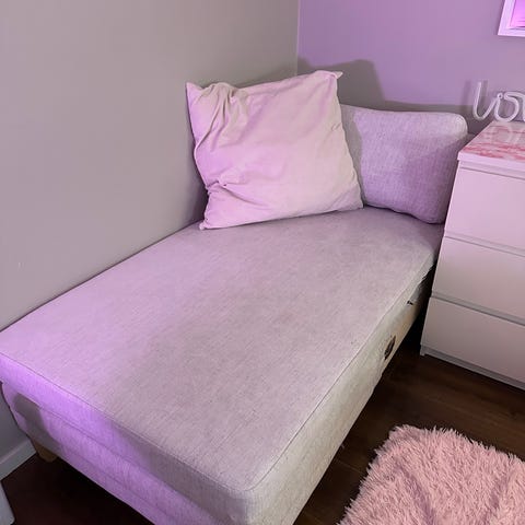 Godt brukt sjeselong, med trekk som bør skiftes.
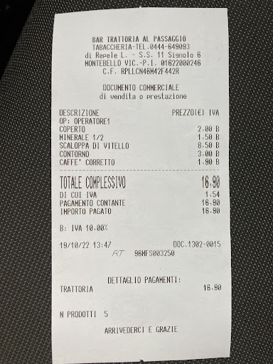 Read moreTrattoria/osteria alla carta no menù fisso... primo secondo contorno caffe 25€... interni datati e bagno alla turca.. un posto così di passaggio dove ci si ferma per il mangiare da lavoro è veramente troppo. Se confrontiamo con altre realtà similari si paga 10€ di meno che...
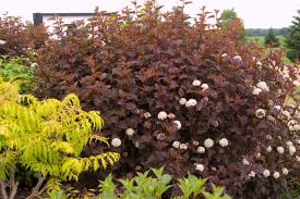 Diabolo Ninebark is selected for its beautiful red-purple foliage on long arching canes. Forms a beautiful rounded mound of foliage and, even though it gets quite tall, can be controlled by cutting branches back to the ground each spring. Blooms in spring with creamy-white flowers that contrast nicely against the dark foliage. Plant in full sun for best foliage color.
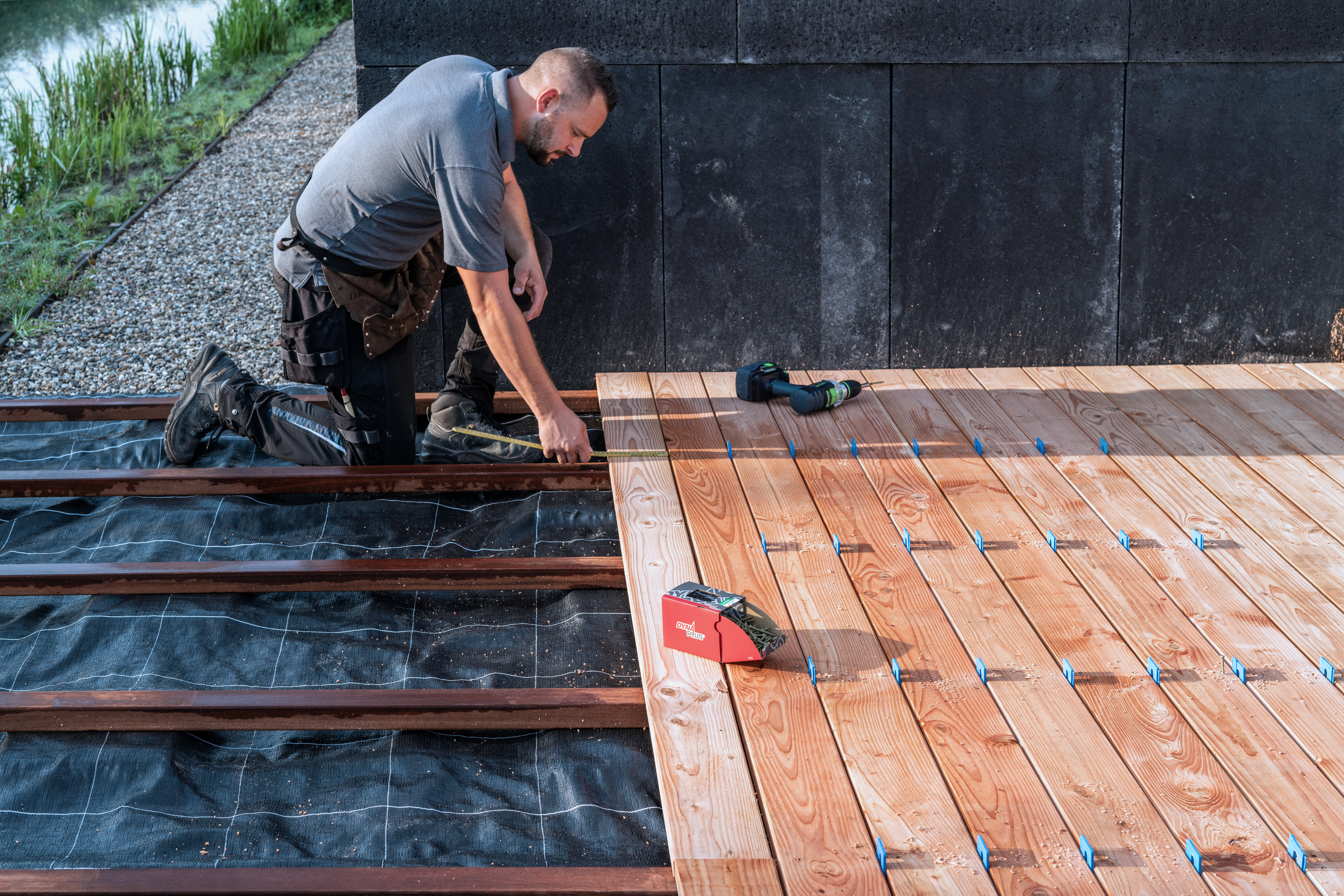 Dynaplus® vlonderschroeven met AR-coating zijn hét alternatief voor RVS vlonderschroeven. De gehard stalen vlonderschroeven met Anti-Roest-coating zijn twee(!) keer zo sterk als RVS vlonderschroeven, en daardoor de ideale schroef voor de montage van hardhouten vlonderplanken. Geen last van schroeven die afbreken tijdens het indraaien. Door de speciale boorpunt met cross-sections én snijvlak kun je deze schroeven in veel gevallen zonder voorboren verwerken. Maar voor het beste resultaat is het verstandig de vlonderplanken voor te boren met een verzinkboortje. De gecoate schroeven zijn zeer roestbestending en hebben de allerhoogste corrosiviteitsklasse; C4. De AR-coating is opgebouwd uit drie dunne laagjes organische coating bovenop de elektrolytische zinklaag wat zorgt voor een zeer goede hechting. Mocht de coating toch licht beschadigd raken bij het inschroeven? Geen probleem; de coating kan kleine beschadigingen zelf herstellen waardoor de AR-coating een permanente corrosiebescherming biedt aan de schroef. De scherpe freesribben onder de extra kleine kop zorgt voor een strakke afwerking van de vlonder. De extra grote en diepe TX-drive zorgt voor een optimale krachtoverbrenging van de bit op de schroef en maakt het inschroeven eenvoudig. Voor een gebruiksvriendelijke en duurzame montage van houten vlonderplanken hebben wij speciale rubberen T-stukjes en vlonderpads in het assortiment.

Exercise instructions
Extract the lines exactly, please: the first line of the listing, the line with "Diabolo Ninebark is", and every line between them, but no pictures.

Exercise response
 Godt brukt sjeselong, med trekk som bør skiftes.
 Read moreTrattoria/osteria alla carta no menù fisso... primo secondo contorno caffe 25€... interni datati e bagno alla turca.. un posto così di passaggio dove ci si ferma per il mangiare da lavoro è veramente troppo. Se confrontiamo con altre realtà similari si paga 10€ di meno che...
 Diabolo Ninebark is selected for its beautiful red-purple foliage on long arching canes. Forms a beautiful rounded mound of foliage and, even though it gets quite tall, can be controlled by cutting branches back to the ground each spring. Blooms in spring with creamy-white flowers that contrast nicely against the dark foliage. Plant in full sun for best foliage color.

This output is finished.